→ How to complete this task
Could you write out every record below exactly, leaving the pictures out?

→ Records shown

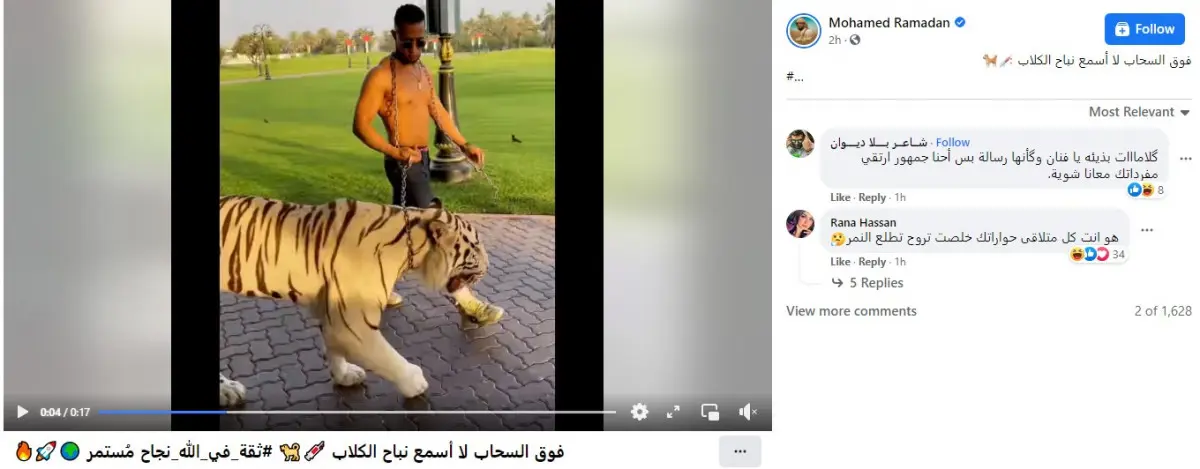 وظهر "رمضان" في الفيديو وهو يسير بالنمر الذي قيده بسلسلة طويلة، وعلق قائلًا: "فوق السحاب لا أسمع نباح الكلاب.. ثقة في الله نجاح مُستمر".
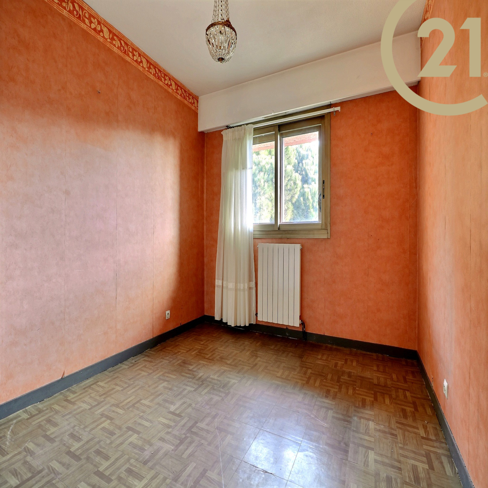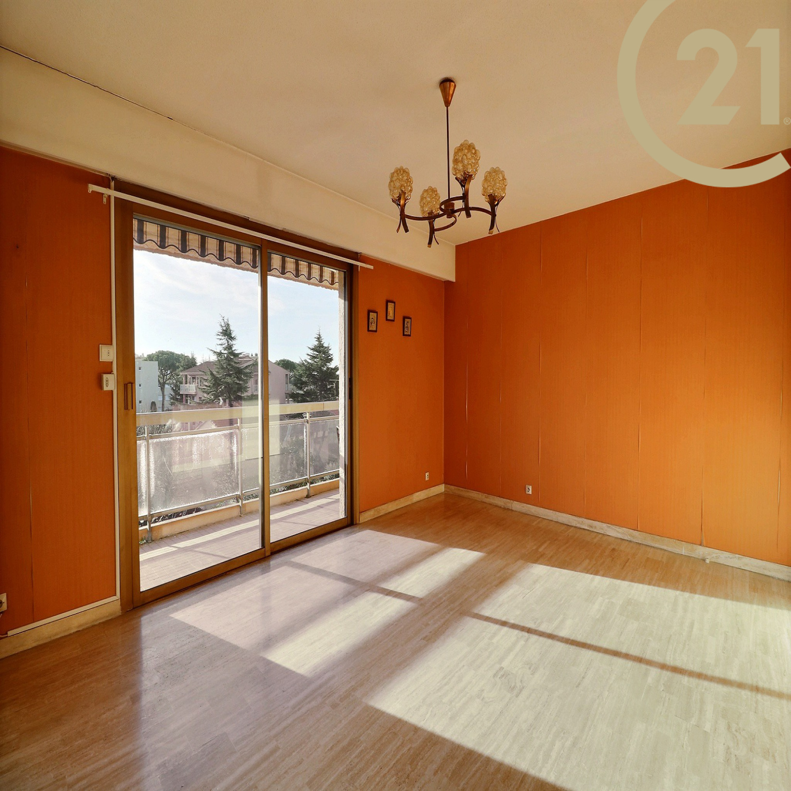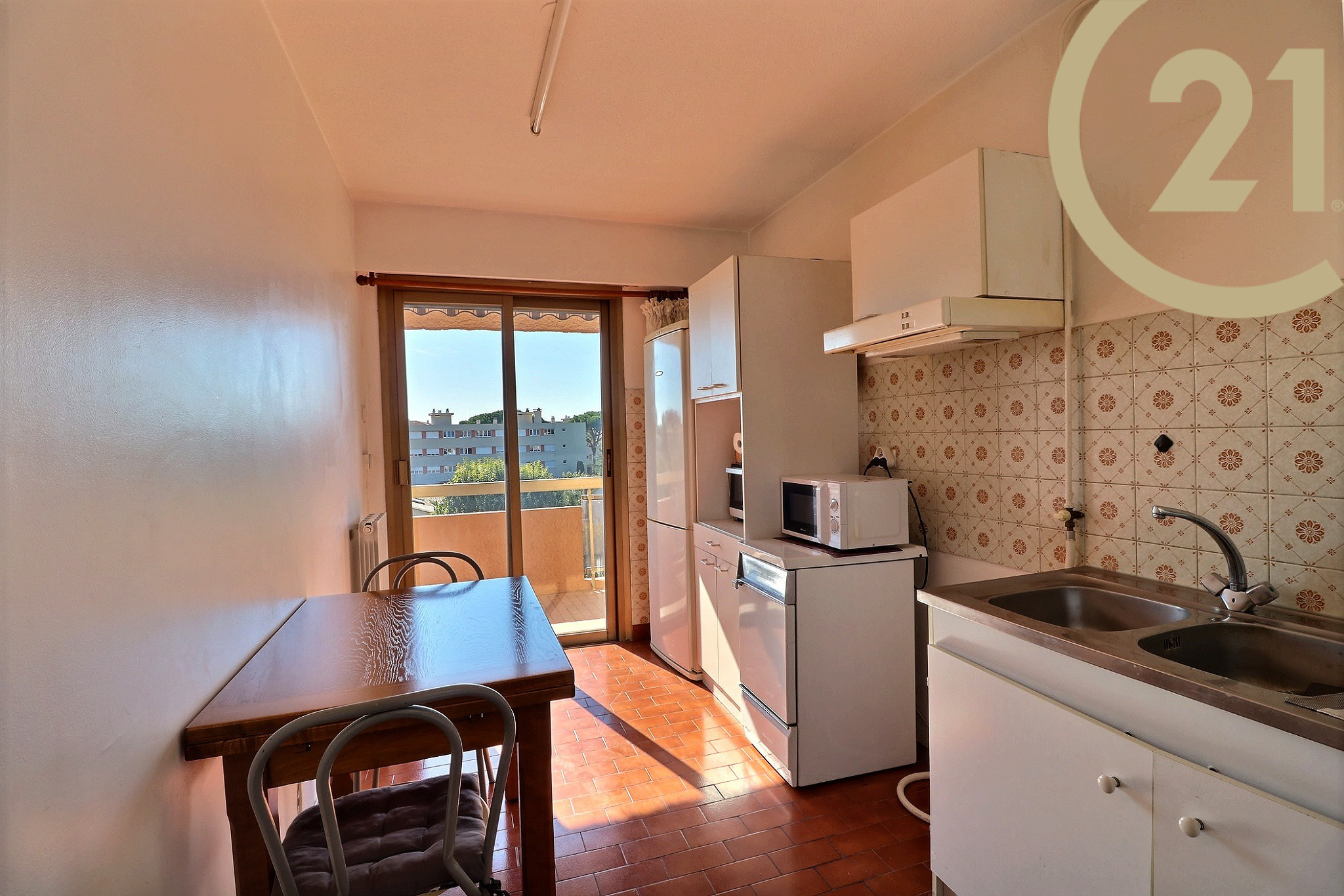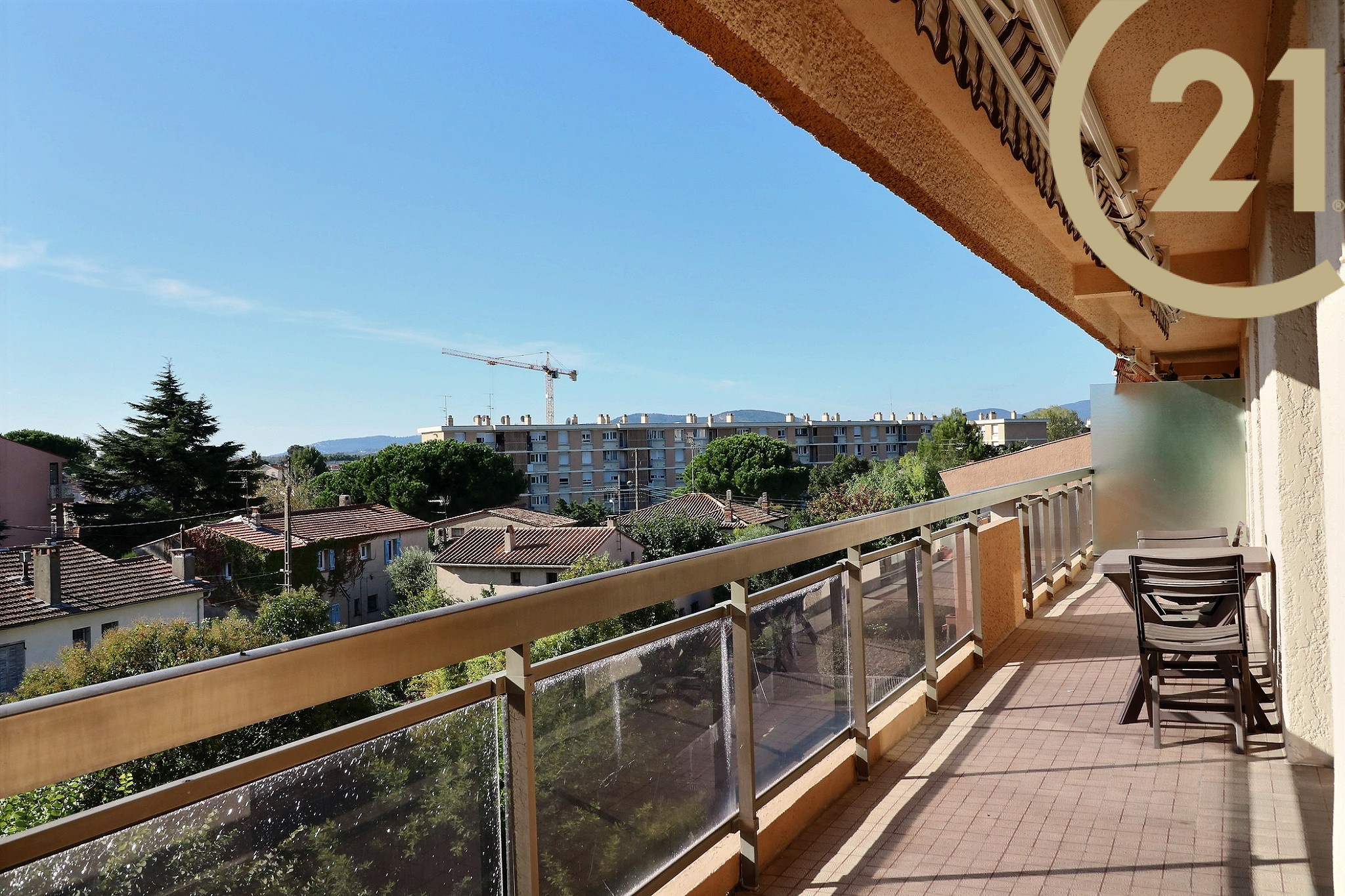 EXCLUSIVITE - FREJUS PROCHE MER ET COMMERCES - Spacieux et lumineux 3 pièces situé au dernier étage d'une résidence sécurisée avec ascenseur et piscine à proximité du centre-ville, des commerces et de la mer. Cet appartement bien exposé se compose d'une entrée, d'un cellier, d'un lumineux séjour exposé Sud/Est, d'une cuisine séparée, de deux chambres avec rangements, d'une salle de bains et de WC séparés. Les pièces principales donnent sur une vaste terrasse de plus de 20 m² orientée Sud et offrant une belle vue dégagée sur la verdure. Absence de vis-à-vis. Grande cave et possibilité de stationnement à proximité immédiate. Ravalement de facade réalisé récemment. Copropriété de 126 lots. Charges annuelles : 1809 €.
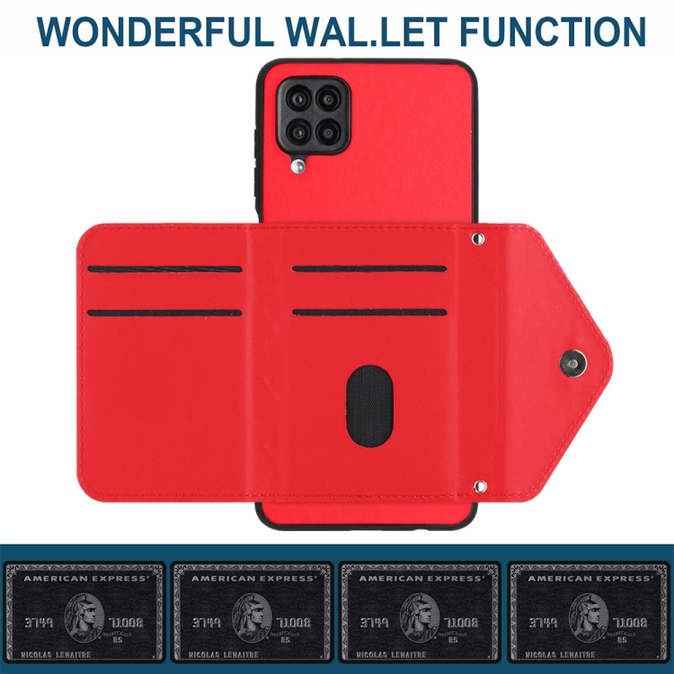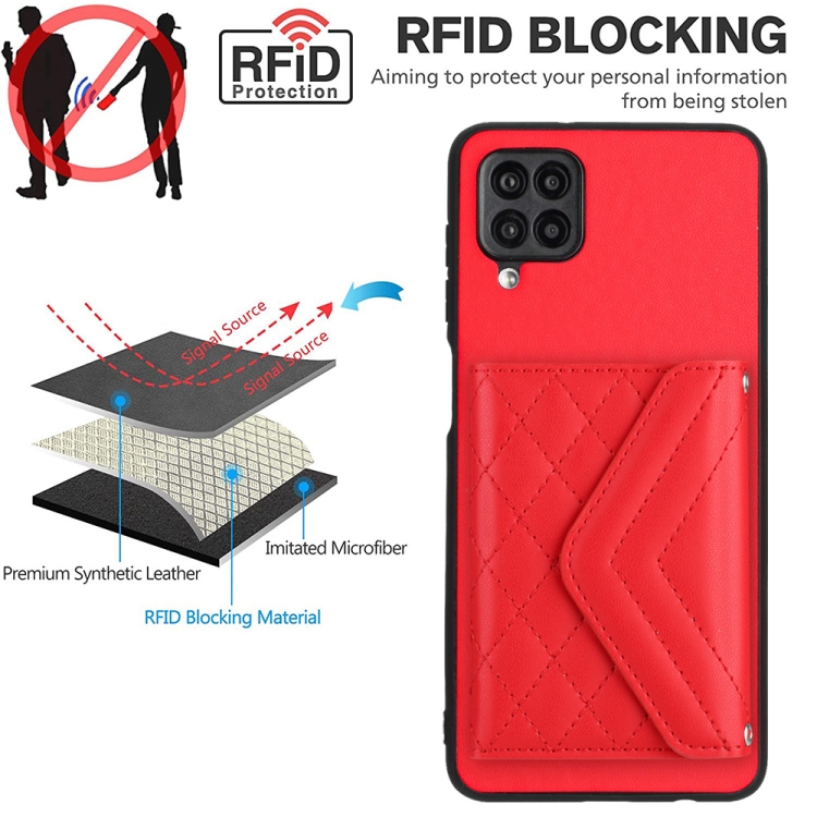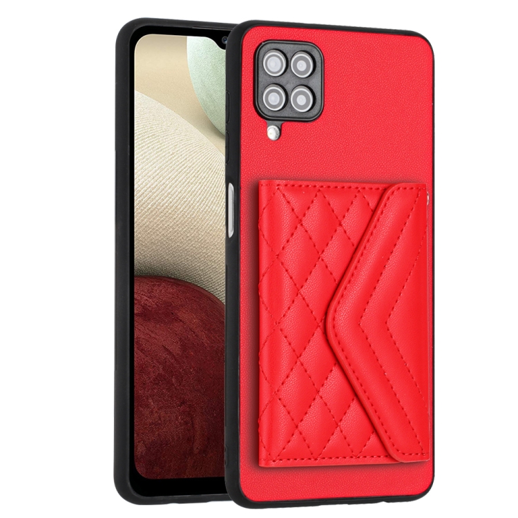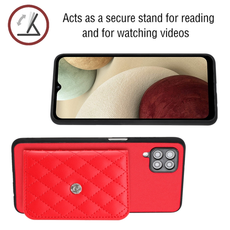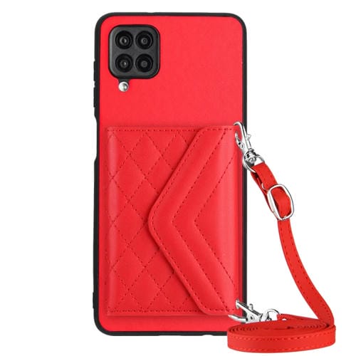 Estuche para Teléfono Samsung Galaxy A12 con Bolsa para Tarjetas Rfid Textura Rómbica y Cordón Largo (Rojo)
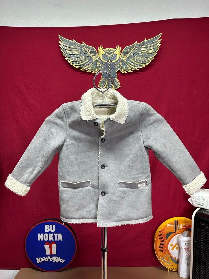 Gri renkli, yakası ve manşetleri kürklü kız çocuk midi boy ceket. Düğmeli, normal kesim, uzun kollu, günlük kullanıma uygun. Üzerinde 'BU NOKTA' yazılı düğmeler bulunur. Ürünümüz 5 yaş uyumlu ölçüleri resimlerde mevcuttur
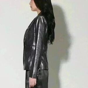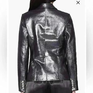 NWT WALTER BAKER Marley Double Breasted Metallic Leather Blazer SZ M in gunmetal

→ Answer section
 وظهر "رمضان" في الفيديو وهو يسير بالنمر الذي قيده بسلسلة طويلة، وعلق قائلًا: "فوق السحاب لا أسمع نباح الكلاب.. ثقة في الله نجاح مُستمر".
 EXCLUSIVITE - FREJUS PROCHE MER ET COMMERCES - Spacieux et lumineux 3 pièces situé au dernier étage d'une résidence sécurisée avec ascenseur et piscine à proximité du centre-ville, des commerces et de la mer. Cet appartement bien exposé se compose d'une entrée, d'un cellier, d'un lumineux séjour exposé Sud/Est, d'une cuisine séparée, de deux chambres avec rangements, d'une salle de bains et de WC séparés. Les pièces principales donnent sur une vaste terrasse de plus de 20 m² orientée Sud et offrant une belle vue dégagée sur la verdure. Absence de vis-à-vis. Grande cave et possibilité de stationnement à proximité immédiate. Ravalement de facade réalisé récemment. Copropriété de 126 lots. Charges annuelles : 1809 €.
 Estuche para Teléfono Samsung Galaxy A12 con Bolsa para Tarjetas Rfid Textura Rómbica y Cordón Largo (Rojo)
 Gri renkli, yakası ve manşetleri kürklü kız çocuk midi boy ceket. Düğmeli, normal kesim, uzun kollu, günlük kullanıma uygun. Üzerinde 'BU NOKTA' yazılı düğmeler bulunur. Ürünümüz 5 yaş uyumlu ölçüleri resimlerde mevcuttur
 NWT WALTER BAKER Marley Double Breasted Metallic Leather Blazer SZ M in gunmetal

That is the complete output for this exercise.